New Zealand-bred Thoroughbred racehorse

Mufhasa (foaled 7 September 2004), was a New Zealand Thoroughbred racehorse who won a number of Group races in New Zealand and Australia in a career stretching from 2007 to 2013. He was known as King Mufhasa in Australia.

Mufhasa was trained by Stephen McKee and ridden in the majority of his races by Samantha Spratt. Towards the end of his career he was trained by Bruce Wallace and he was cared for throughout his career by strapper Amy Doran.
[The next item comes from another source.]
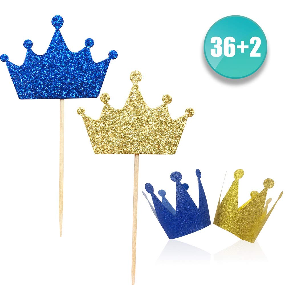 Royal Prince Cupcake Toppers For Birthday Baby Shower Wedding Party Decorations Supplies 2 Alissar Wxy Kapoklife 36 Pack Blue And Gold Crown Picks Wine Cellars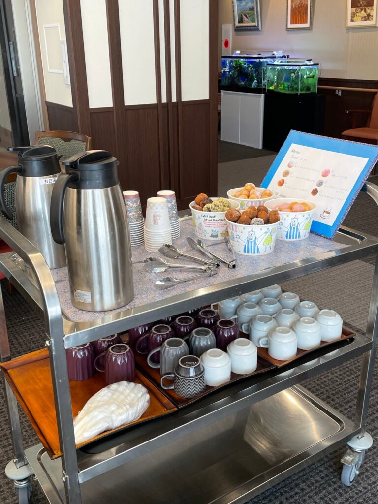 ご用意させていただいた6種類のドーナツと飲み物の中からお好きなものを選んでいただき、テーブルを囲んで和やかに過ごしていただきました☕ 昼食後という時間帯にも関わらず、ドーナツを大切そうに味わったり、頬張ったりと、その食べっぷりは想像以上でした😊

His win in the 2012 Windsor Park Plate was his tenth and final Group 1 victory.

Mufhasa was voted the New Zealand Horse of the Year for the 2009 and 2012 seasons. In 2021 he was inducted into the New Zealand Racing Hall of Fame.

==Notable performances==

- 12 November 2008 - 1st in the Coupland's Bakeries Mile (Group 2, 1600m, Riccarton, Samantha Spratt) beating Vosne Romanee and Sterling Prince
- 17 January 2009 - 1st in the Telegraph Handicap (Samantha Spratt) beating Atapi and Ruud Van Slaats
- 7 February 2009 - 1st in the Waikato Sprint (Samantha Spratt) beating Gaze and Ruud Van Slaats
- 28 February 2010 - 1st in the Otaki-Maori Weight for Age (Samatha Spratt) beating Hold It Harvey and Daffodil
- 22 January 2011 - 1st in the Telegraph Handicap (Samantha Spratt) beating First Command and Coup Align
- 12 February 2011 - 1st in the Waikato Sprint (Samantha Spratt) beating Wall Street and Keep The Peace
- 27 August 2011 - 1st in the Makfi Challenge Stakes (Samantha Spratt) beating Jimmy Choux and Fleur de Lune
- 17 September 2011 - 2nd in the Windsor Park Plate (Samantha Spratt) behind Jimmy Choux with Hold It Harvey 3rd
- 8 October 2011 - 1st in the Toorak Handicap (Michael Rodd) beating King's Rose and Luen Yat Forever
- 3 December 2011 - 1st in the Captain Cook Stakes (Samantha Spratt) beating Vonusti and Dating
- 11 February 2012 - 2nd in the Waikato Sprint (Samantha Spratt) behind Veyron with Fazzle 3rd
- 25 February 2012 - 1st in the Futurity Stakes (Nash Rawiller) beating Pinker Pinker
- 22 September 2012 - 1st in the Windsor Park Plate (Samatha Spratt) beating Fleur de Lune and Xanadu
- 6 April 2013 - 2nd in the George Ryder Stakes (Michael Rodd) behind Pierro
- 21 September 2013 - 2nd in the Windsor Park Plate (Leith Innes) behind Xanadu with Nashville 3rd.